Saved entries
_ _ _ _ _ _ _
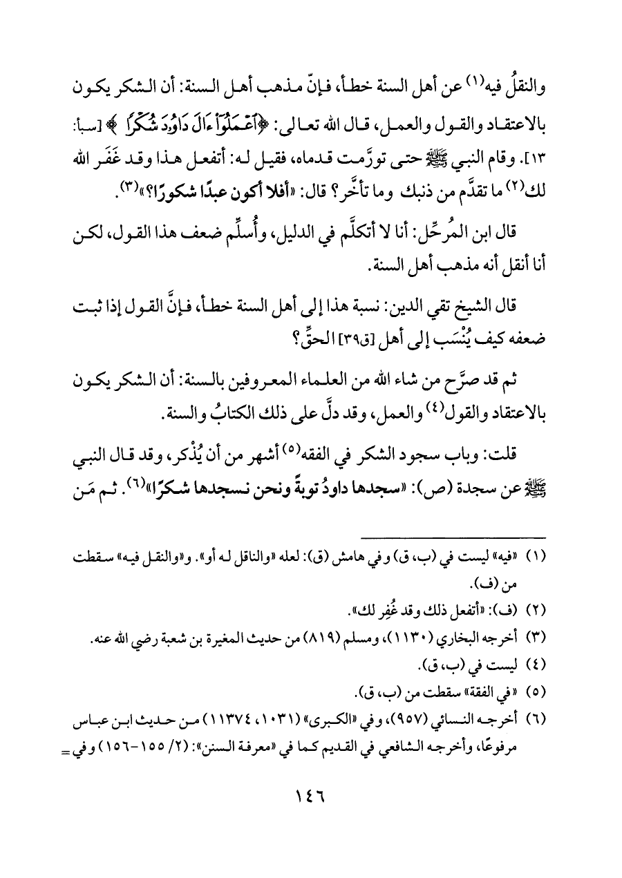 والنقلُ فيه (¬١) عن أهل السنة خطأ، فإنّ مذهب أهل السنة: أن الشكر يكون بالاعتقاد والقول والعمل، قال الله تعالى: {اعْمَلُوا آلَ دَاوُودَ شُكْرًا} [سبأ: ١٣]. وقام النبي - صلى الله عليه وسلم - حتى تورَّمت قدماه، فقيل له: أتفعل هذا وقد غَفَر الله لك (¬٢) ما تقدَّم من ذنبك وما تأخَّر؟ قال: «أفلا أكون عبدًا شكورًا؟ » (¬٣).
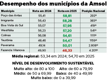 Na sequência, tanto local quanto regional, aparece Imigrante. O município está no 383º lugar brasileiro e em terceiro no Vale. A alta chegou a 1,85 ponto no último ano, impulsionada nos critérios semelhantes aos de Poço das Antas. No entanto, a principal diferença entre as duas é que a cidade recebeu a avaliação “muito alta” apenas no objetivo “Energias Renováveis”.
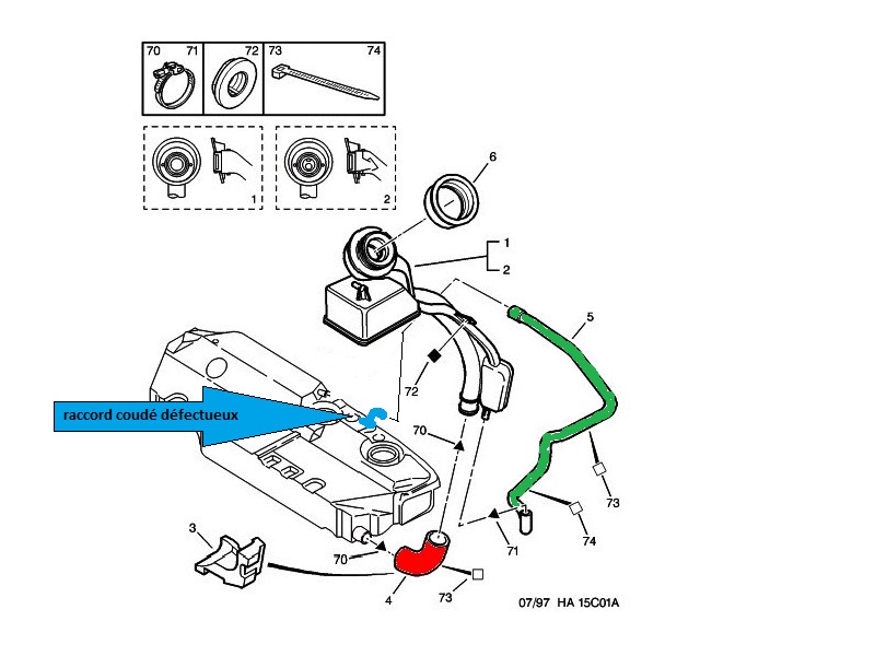 et là je vois que ce n'est pas ce fameux gros coude qui est en fin de vie mais une soudure plastique qui s'est défaite au niveau du retour d'essence (je crois que c'est ça), vers le 71 sur le schéma de neo888.
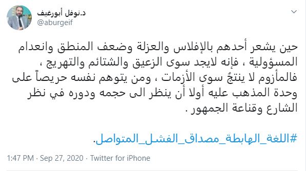 حين يشعر أحدهم بالإفلاس والعزلة وضعف المنطق وانعدام المسؤولية ، فإنه لايجد سوى الزعيق والشتائم والتهريج ، فالمأزوم لا ينتجُ سوى الأزمات ، ومن يتوهم نفسه حريصاً على وحدة المذهب عليه أولا أن ينظر الى حجمه ودوره في نظر الشارع وقناعة الجمهور . #اللغة_الهابطة_مصداق_الفشل_المتواصل.
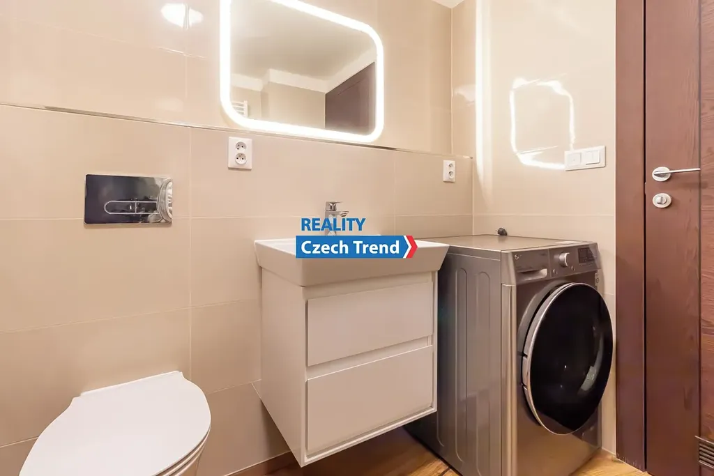 Cena je 19.000,- Kč + 3.500,- Kč poplatky (včetně garážového stání v suterénu domu)
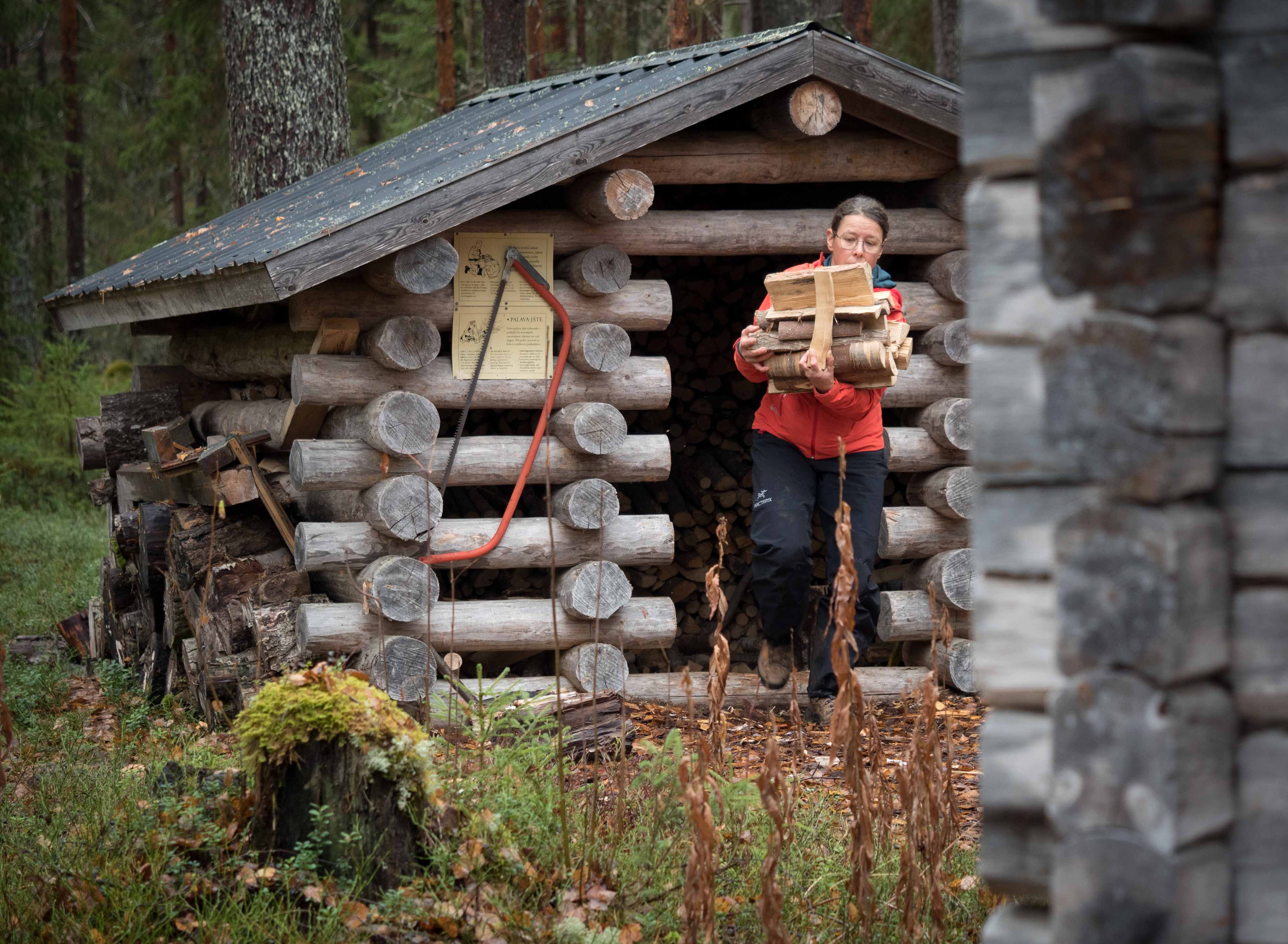 Vilkaisu vieraskirjaan kertoo edellisen illan edesottamuksista. Saunaa on lämmitetty viitisen tuntia ja tupaa saman verran. Laihoin toivein ryhdymme halkohommiin. Kaksikkomme toinen puolikas on armoton halkomestarinna. Hän tekee huolellisen sukelluksen puuvajaan ja löytää kuivaa puuta käyttöömme. Toisen kaveeratessa tuvan huomionkipeän kamiinan kanssa, valmistelee toinen meheviä löylyjä joenvarren saunassa.
_ _ _ _ _ _ _
• DIRECTIONS FOR THIS TASK: The entries above need to be repeated in full, word for word. Skip the images.

• ANSWER BOX:
 والنقلُ فيه (¬١) عن أهل السنة خطأ، فإنّ مذهب أهل السنة: أن الشكر يكون بالاعتقاد والقول والعمل، قال الله تعالى: {اعْمَلُوا آلَ دَاوُودَ شُكْرًا} [سبأ: ١٣]. وقام النبي - صلى الله عليه وسلم - حتى تورَّمت قدماه، فقيل له: أتفعل هذا وقد غَفَر الله لك (¬٢) ما تقدَّم من ذنبك وما تأخَّر؟ قال: «أفلا أكون عبدًا شكورًا؟ » (¬٣).
 Na sequência, tanto local quanto regional, aparece Imigrante. O município está no 383º lugar brasileiro e em terceiro no Vale. A alta chegou a 1,85 ponto no último ano, impulsionada nos critérios semelhantes aos de Poço das Antas. No entanto, a principal diferença entre as duas é que a cidade recebeu a avaliação “muito alta” apenas no objetivo “Energias Renováveis”.
 et là je vois que ce n'est pas ce fameux gros coude qui est en fin de vie mais une soudure plastique qui s'est défaite au niveau du retour d'essence (je crois que c'est ça), vers le 71 sur le schéma de neo888.
 حين يشعر أحدهم بالإفلاس والعزلة وضعف المنطق وانعدام المسؤولية ، فإنه لايجد سوى الزعيق والشتائم والتهريج ، فالمأزوم لا ينتجُ سوى الأزمات ، ومن يتوهم نفسه حريصاً على وحدة المذهب عليه أولا أن ينظر الى حجمه ودوره في نظر الشارع وقناعة الجمهور . #اللغة_الهابطة_مصداق_الفشل_المتواصل.
 Cena je 19.000,- Kč + 3.500,- Kč poplatky (včetně garážového stání v suterénu domu)
 Vilkaisu vieraskirjaan kertoo edellisen illan edesottamuksista. Saunaa on lämmitetty viitisen tuntia ja tupaa saman verran. Laihoin toivein ryhdymme halkohommiin. Kaksikkomme toinen puolikas on armoton halkomestarinna. Hän tekee huolellisen sukelluksen puuvajaan ja löytää kuivaa puuta käyttöömme. Toisen kaveeratessa tuvan huomionkipeän kamiinan kanssa, valmistelee toinen meheviä löylyjä joenvarren saunassa.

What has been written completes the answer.